If you have questions about your personal non-negotiables in a relationship, you might consider speaking with a licensed therapist. With BetterHelp, most people are matched with a therapist within 48 hours, and you can change therapists at any time until you find the right fit for your unique needs.
What is a common core value or set of core values that people consider to be non-negotiable?
While most people consider honesty a core value, expectations can vary in different relationships. Some people may look for a partner who values a commitment to being honest in their friendships and work relationships, which may be a sign of how they will navigate a romantic relationship.
Why is open communication a non-negotiable for many people?
For many people, open communication is paramount to a successful relationship because it can lead to a strong bond. Some people prefer to be told something disappointing rather than have their partner withhold that information. For example, if one person needs more personal space, communicating this may prevent a toxic dynamic from forming.
Is exclusivity a common non-negotiable?
For many people, an exclusive or monogamous relationship is a non-negotiable. However, there are many types of relationships that can lead to lasting fulfillment. For many people, the key to a romantic relationship is communicating openly so that everyone is on the same page in terms of expectations and responsibilities. Open communication may prevent behavior that violates a person’s boundaries.
How do you find a relationship that leads to personal growth?
Some individuals find that dating people who challenge them can lead to personal growth. For some people, this may mean meeting others who challenge them intellectually. For other people, this process may involve spending time with individuals who challenge them to do more for others. A relationship characterized by mutual support can lead both people to pursue personal growth.
What is the 100% rule in relationships?
The “100% rule” suggests that, instead of relationships being 50/50, each person should give 100% every day. This can show emotional maturity and contribute to the success of a committed relationship.

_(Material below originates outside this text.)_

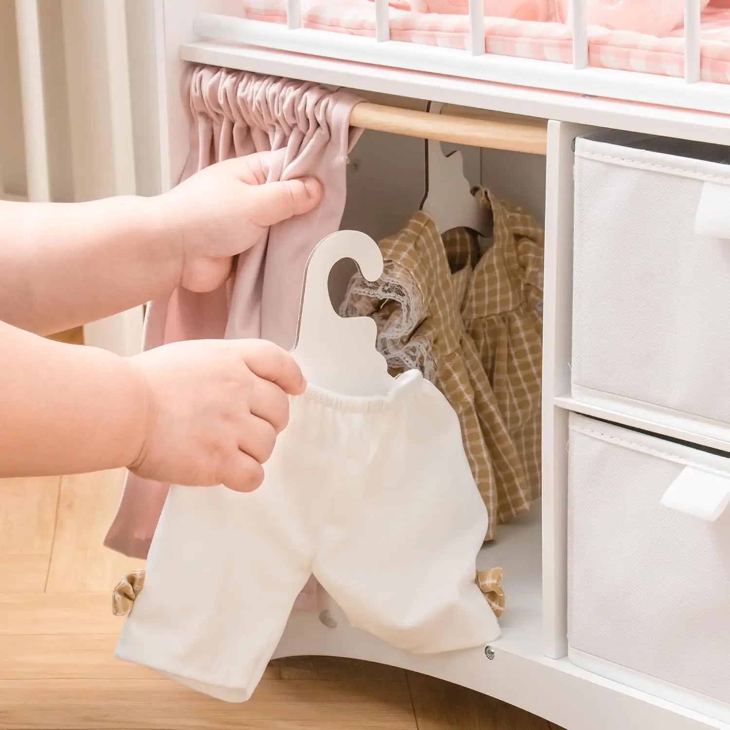 Cuna de madera para muñecas con almacenamiento - Cama rosa para muñecas con ropa de cama y ganchos para niñas a partir de 3 años

What are non-negotiable qualities a serious boyfriend or girlfriend must have?
Each person may have a different set of non-negotiable qualities they desire in a partner, and it can be helpful to develop your own non-negotiable list, as well as to take note of any deal-breakers. However, a few common non-negotiables include the following:
Respect for personal boundaries
No abusive behavior, including emotional abuse
Shared religious beliefs or other deeply-held beliefs
A commitment to physical, mental, and emotional well-being
Compatible saving and spending habits
What are the four things that end relationships?

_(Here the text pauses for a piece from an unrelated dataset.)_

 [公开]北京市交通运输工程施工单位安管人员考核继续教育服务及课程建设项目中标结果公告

The “Four Horsemen” established by John Gottman are often seen as red flags that can prevent a lasting relationship. These include stonewalling, criticism, contempt, and defensiveness.
What is compromise in a relationship?
Compromise in a relationship generally refers to finding common ground when both partners want different things. Compromise is often crucial to make a long-term relationship work.

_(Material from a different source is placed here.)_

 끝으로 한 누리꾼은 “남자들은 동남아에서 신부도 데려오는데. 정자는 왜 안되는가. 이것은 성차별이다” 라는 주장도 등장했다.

Do you have to agree on everything in a relationship?
In general, it’s not necessary to agree on everything in a relationship. However, establishing non-negotiables and being aware of traits that are a “hard pass” for you can be vital. For instance, you may not be willing to be in a relationship with someone who is engaging in substance misuse (formerly called substance abuse). Another potential non-negotiable could be that your partner must get along with your family (their in-laws). Often, individuals develop lists of non-negotiables based on difficulties they’ve encountered in previous relationships.
There are also some things that partners may need to agree on. For example, if one partner wanted kids and the other didn’t, there isn’t necessarily a compromise that could satisfy either person. Having compatible future plans can also be vital.
How can you protect your mental health in a relationship?
Protecting your mental health in a relationship often involves setting and maintaining healthy boundaries. It can also involve seeking support, whether from family members, your best friend, or a therapist, when you encounter challenges.